SWA, UNICEF, World Leaders and Sanitation
The Sanitation and Water for All partnership (SWA) in collaboration with the UNICEF, would host a meeting on how to stop infectious diseases through investment in water, sanitation and hygiene, as well as through vigorous action on climate change. The meeting, which would be hosted in Jakarta, Indonesia between May 18 and May 19, 2022, would bring together government ministers of finance as well as ministers of water, sanitation, health and climate. The Chief Executive Officer of the SWA, Ms. Catarina de Albuquerque, who announced the meeting in a recent press release, warned that the world is at the risk of another devastating pandemic if governments failed to invest in water and sanitation facilities.

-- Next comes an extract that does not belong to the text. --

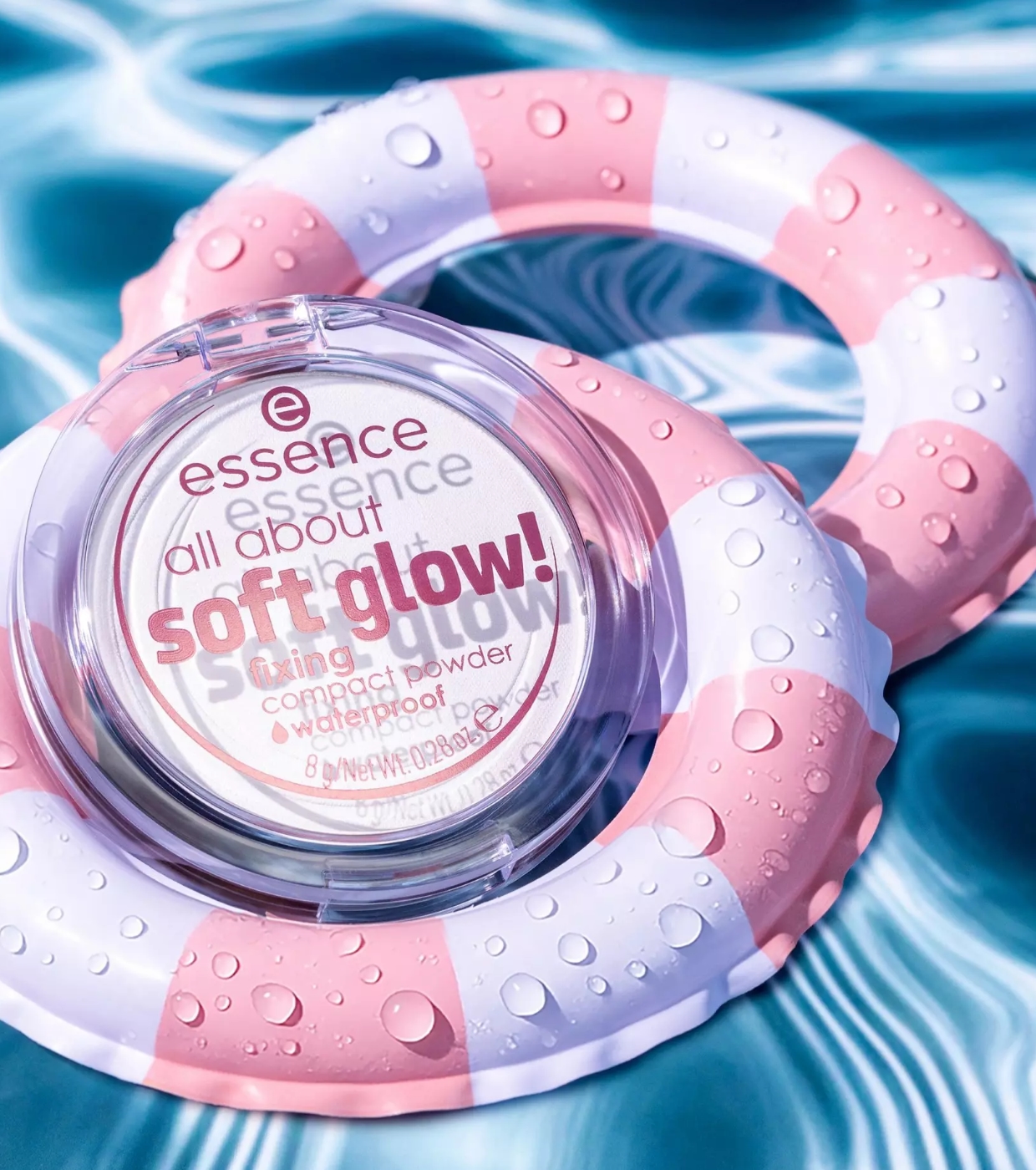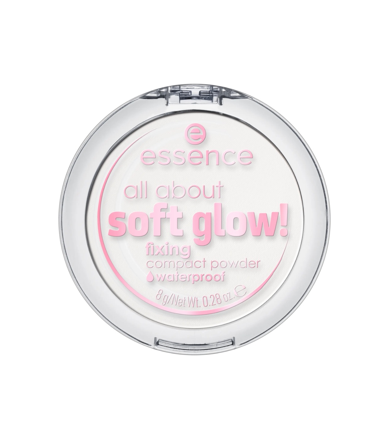 Consigue un acabado perfecto y luminoso con Polvos compacto fijadores resistente al agua All About Soft Glow! de essence.

Albuquerque said: “Leaders and decision-makers have a choice. Our mistakes during COVID-19 have demonstrated the immense cost of inaction, but we have the wisdom to learn from them. We can invest heavily in pandemic prevention and mitigation – including ensuring that communities everywhere have access to clean water and reliable hygiene and sanitation services. Or we can ignore the catastrophic lessons learned, placing the world at grave risk for future public health threats.
“And we do not have to wait for the next pandemic to take action. There are other global health crises happening right now, responsible for the deaths of millions that can be solved by prioritizing the provision of safe water, sanitation and hygiene services.
“From cholera to coronavirus, the message for government leaders is clear: ‘if we want to get ahead of the next pandemic, we must urgently invest in water, sanitation and hygiene.’ To make any other choice could have devastating consequences.” She stated that although “COVD-19 is the deadliest viral outbreak we’ve seen in over a century, but it may not be the last in our lifetime.”
Albuquerque, who served as the first United Nation’s Special Rapporteur on the right to safe drinking water and sanitation, said that “the question of another global health crisis is not if, but when. Yet despite the imminent threat, the 2021 Global Health Security Index estimated that 195 countries remain dangerously unprepared for future pandemics. Additionally, only 33 countries have emergency preparedness and response plans in place that include considerations for vulnerable populations.
“Our collective failure to invest in preventative measures means that when diseases appear they can rage out of control, destroying lives and triggering massive health crises that take decades to resolve.